Drinking in Colonial Times

In Colonial times the drinking water contained bacteria that would give people dysentery and cholera. Therefore many people preferred to drink alcoholic beverages which did not make them sick. We now understand that boiling the water kills harmful bacteria during the process of brewing and distilling.

 

In the 1700's, alcohol consumption was regarded as just another drink. It was consumed regularly throughout the day. The average colonist drank approximately seven gallons of alcohol per year, over 3 times what American's drink now.

Benjamin Franklin

Franklin was very fond of alcohol. He published The Drinker's Dictionary is a list of 228 "round-about phrases" to describe drunkenness. It was published January 6, 1737 in the Pennsylvania Gazette. 

John Handcock

Before John Hancock put his pen to the Declaration of Independence to create the most famous signature of all time, he smuggled booze into the colonies to avoid British taxes.
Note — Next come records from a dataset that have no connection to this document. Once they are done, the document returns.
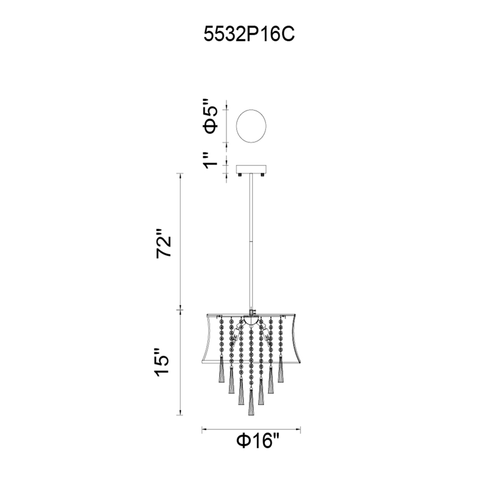 Dimensions: H 15" x W 0" x L 16" - Maximum Height 87" - Chrome Finish - G9 Bulb Not Included - Indoor (DRY Location) - cETLus Approved - Includes Assembly Instructions and Hardware - Compatible With Standard Low Voltage Dimmer - Comes With
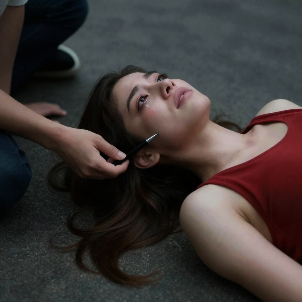 Photograph of a woman with long brown hair lying on the ground, eyes wide open and teary, wearing a red sleeveless top. Hand holding a black pen is near her left cheek. Shadowy background. Intense expression. Two people.
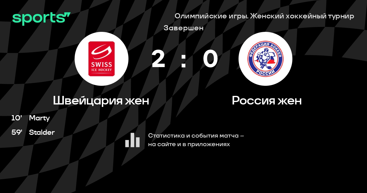 В прошедшем матче в рамках турнира Олимпийские игры. Женский хоккейный турнир состоялась встреча команд Швейцария жен - Россия жен в городе Сочи (Россия) на стадионе Шайба (вместимость - 7000)
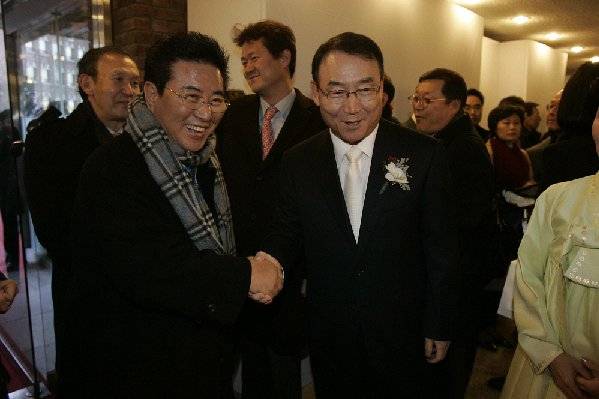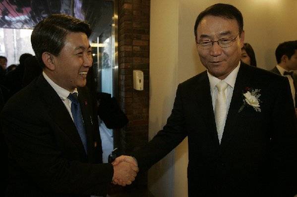 ▲ 하객으로 온 이윤성 국회부의장과 김인규 사장이 악수하고 있다. 이치열 기자 truth710@ |

In 1768, a year after the Townshend Acts started trying to tell him how to run his business, British customs officials seized Hancock’s ship, defiantly named The Liberty, in Boston Harbor, accusing him of smuggling about 100,000 gallons of wine and Madeira (a wine fortified with rum), of which he was most certainly and proudly guilty.

 
However, in true Bostonian fashion, angry colonists literally dragged the customs ship out of harbor to Boston Common, where they proceeded to burn it in a giant bonfire.

Sam Adams

By 1773, the British had implemented another tax on the colonist, this time on tea. After a night of heated and rowdy drinking at the Green Dragon Tavern, Sam Adams led the Sons of Liberty to Boston Harbor.

 

The British ship they ransacked contained valuable rum aboard, which the Sons of Liberty first drank before they famously threw the King’s tea overboard.

Thomas Jefferson

As president, Thomas Jefferson imported more than 20,000 bottles of wine for his personal collection.

George Washington

Washington loved wine. He would drink as many as 4 bottle and dance the night away. After his presidency, he opened one of the largest whiskey distilleries in the country at Mount Vernon that produced 11,000 gallons in 1799.

John Adams

Adams began every day with a draft of hard cider before breakfast. He drank three glasses of Madeira, a wine fortified with rum, every night before bed. 

Paul Revere

In 1775, Paul Revere famously rode out of Boston at midnight to warn his fellow patriots that British were planning a march on Lexington. He was able to spread the word so fast and effectively by stopping at many different taverns. According to his own journals, he would have a few sips during his stops.